Abstract

Background. The aim of this study was to evaluate gender differences in the long-term clinical outcomes and safety of patients treated with first- and second generation DES. Methods. The Katowice–Zabrze Registry included 1916 consecutive patients treated with either first or second generation DES. We evaluated major adverse cardiac and cerebrovascular events (MACCE) [composite of death, myocardial infarction (MI), stroke and target vessel revascularization (TVR)] at 12-month follow-up. Safety end point was bleeding complications and stent thrombosis. Results. Registry included [unstable angina (UA) 1500(78%), non-ST-segment elevation myocardial infarction (NSTEMI) 285 (15%), ST-segment elevation myocardial infarction/left bundle branch block (STEMI/LBBB) 131 (7%)]. There were 35.5% females and 64.5% males. Women were older and had higher prevalence of comorbidities. Males more often had multivessel disease and higher Syntax score when comparable to females. We did not observed difference in acute and subacute stent thrombosis in our data, however, females had more in-hospital bleeding complications.
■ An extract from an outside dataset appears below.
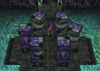 The idea is to get all of the pillars simultaneously facing their purple bits toward the final door. It’s not that difficult, and there are no random encounters in this area, so it’s just a matter of trial and error if you’re not great at playing with blocks.
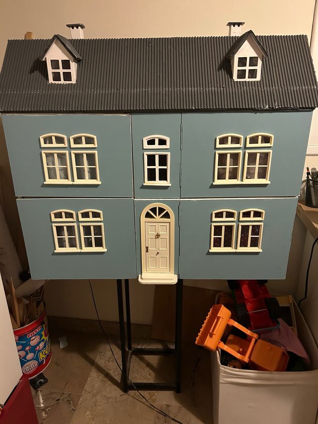 Detalles del productoCasa de muñecas de madera, pintada en color azul y con tejado gris.

Univariable Cox regression analysis revealed that women had similar outcomes when compared to men in terms of a risk of death, MI, TVR, stroke and MACCE at 1-year follow-up. There were no differences between males and females in MACCE when first- and second generation DES were analyzed separately. Conclusion. Despite higher risk profile, women treated with DES have similar outcomes as males in 1-year follow-up. However there is, an increased risk of in-hospital bleedings in women.